Все записи
20:36  /  1.12.18

559просмотров

Александр Янов: СПОР О "ВЕЧНОМ" САМОДЕРЖАВИИ: От Грозного до Путина. Глава 22 "Опричнина" (окончание)

+T -
Поделиться:

МИЛИТАРИСТСКАЯ АПОЛОГИЯ ОПРИЧНИНЫ

Но главным для вождя было все же не крепостничество и даже не террор. То были лишь средства. Цель, как и у Грозного, состояла в превращении страны в колонию военно-промышленного комплекса, в инструмент "першего государствования". Именно это − главное − и следовало надлежащим образом легитимизировать национальной традицией. При всем своем невежестве в русской истории Сталин интуитивно выделил из множества русских царей своих предшественников. И они − какое совпадение! − оказались теми же, чей подвиг, по мнению Ломоносова (в эпоху первого "историографического кошмара"), сделал возможным, "чтоб россов целый мир страшился".          
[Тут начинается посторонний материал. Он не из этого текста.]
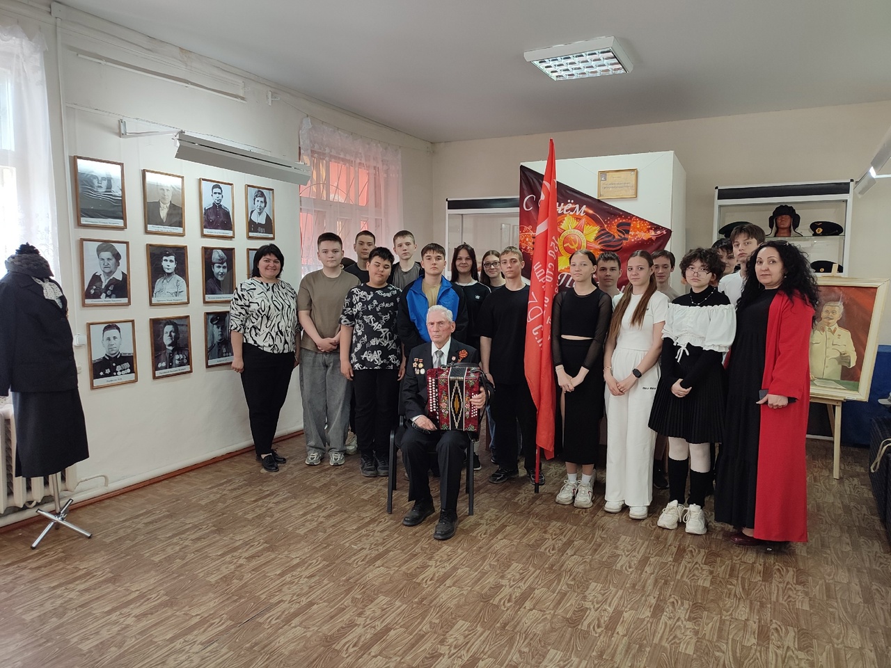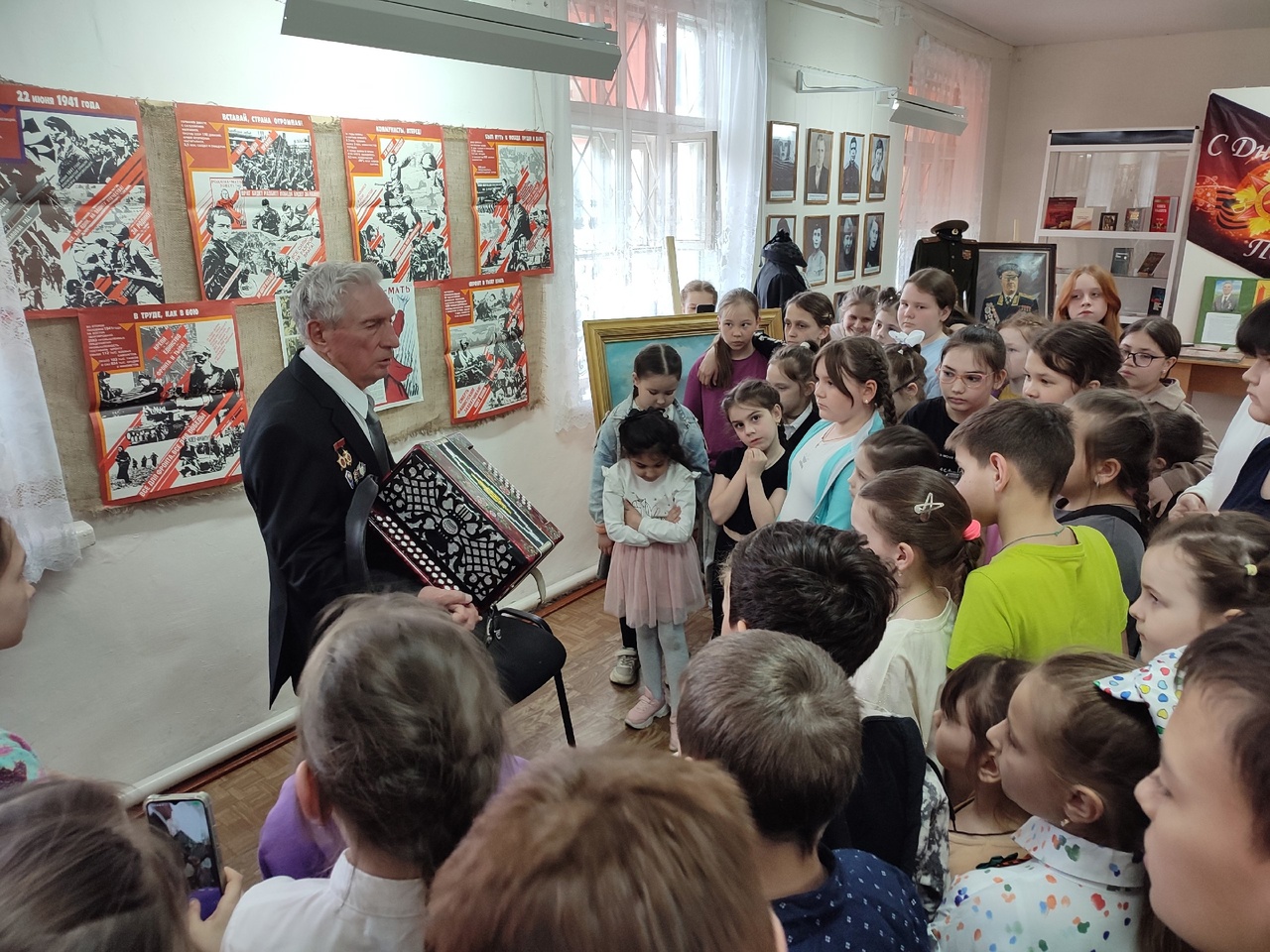 Совершенно справедливо сказал когда-то маршал Жуков: «Тыл – это половина Победы». Тот самый тыл, который обеспечивал фронт свинцом, углём, зимней одеждой, военными займами, хлебом, мясом. А сами питались чем придётся. Юрий Иванович поделился своими воспоминаниями о детстве, как его семья собрала средства на покупку самолета на фронт, о Победе, о послевоенном детстве, и о том, как работал инструктором-преподавателем в ДОСААФ. На встречу Юрий Иванович принес гармонь, которая сопровождала солдата, громила гитлеровцев даже в немецких генштабах. И спустя 80 лет военные песни любимы и трогают до глубины души, все присутствующие в этом убедились, когда Юрий Иванович заиграл знакомые мелодии «Катюши» и «Три танкиста», ребята с удовольствием подпевали.
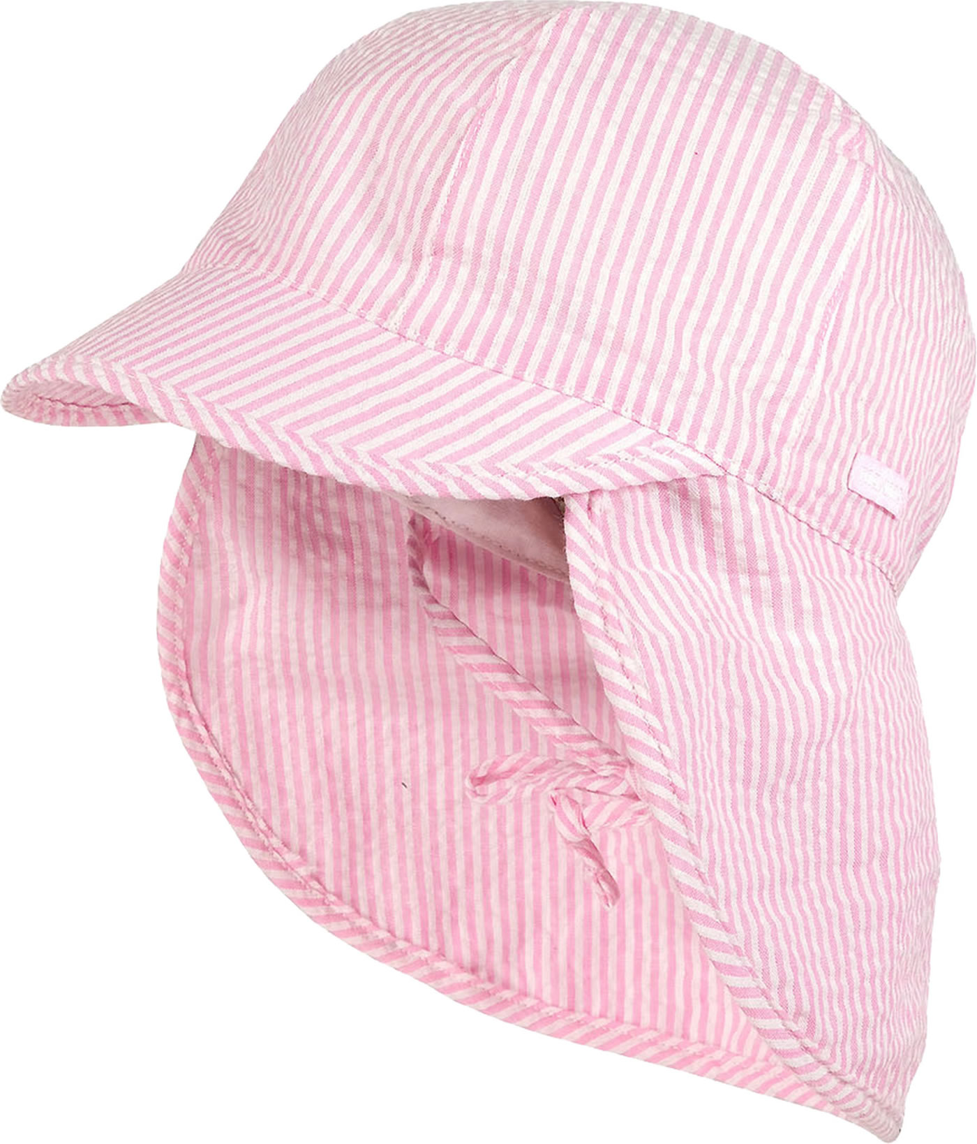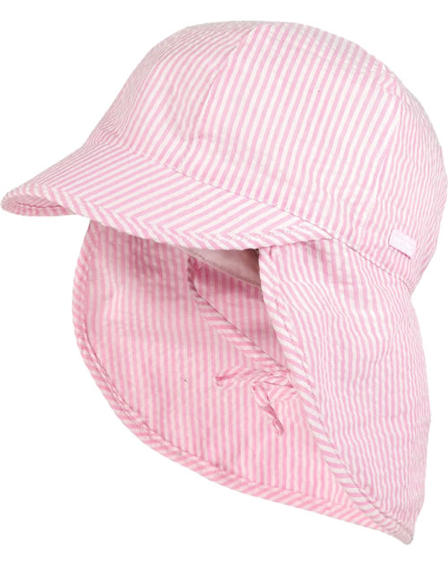 Sommerliche Mütze mit Schirm für Mädchen in rosa-weiß gestreift von MAXIMO mit Nackenschutz und Bindeband.

И ценил их Сталин откровенно за одно и то же − за долгие, затянувшиеся на целые поколения войны. Малюту Скуратова, этого средневекового Берию, он назвал − случайно ли? − "крупным русским военачальником, героически павшим в борьбе с Ливонией".[1] Петра ценил лишь за то, что царь "лихорадочно строил заводы и фабрики для снабжения армии и усиления обороны страны". [2]

Однако у Сталина было все же много других дел, кроме партизанских набегов на русскую историю. И потом − после энтузиазма, с которым подведомственные ему историки оправдали и "борьбу с изменой", и крепостничество, и террор − не было уже у него ни малейшего сомнения, что справятся они и с главным его заданием: с милитаристской апологией опричнины. Что ж, историки оправдали доверие вождя.

Одним из первых осознавших этот патриотический долг был П.А. Садиков, крупнейший исследователь опричнины (на работах которого Платонов, собственно, и построил свою злополучную гипотезу, оказавшуюся, как мы помним, впоследствии "сплошным недоразумением"). В каноническую платоновскую конструкцию он внес совсем новую − милитаристскую − ноту. По его мнению, "врезавшись клином в толщу московской территории, государев удел должен был по мысли Грозного не только явиться средством для решительной борьбы с феодальными князьями и боярством путем перетасовки их земельных владений, но и организующим ядром в создании возможностей для борьбы против врагов на внешнем фронте".[3]

Таким образом, опричнина перерастала провинциальные внутриполитические задачи, на анализе которых десятилетиями концентрировались русские историки. Теперь она связывалась непосредственно с функцией "борьбы на внешнем фронте". У нее обнаружилась совсем новая, раньше как-то остававшаяся в тени роль − мобилизационная. Недаром Виппер так комментирует это открытие Садикова: "Если с легкой руки ворчунов княжеской и боярской оппозиции историки XIX века любили говорить о беспорядочном ограблении Иваном Грозным и его опричниками всего Замосковного края, то историк нашего времени противопоставляет этим голословным утверждениям документально обоснованные факты, которые показывают конструктивную работу, совершавшуюся в пределах опричной территории". [4]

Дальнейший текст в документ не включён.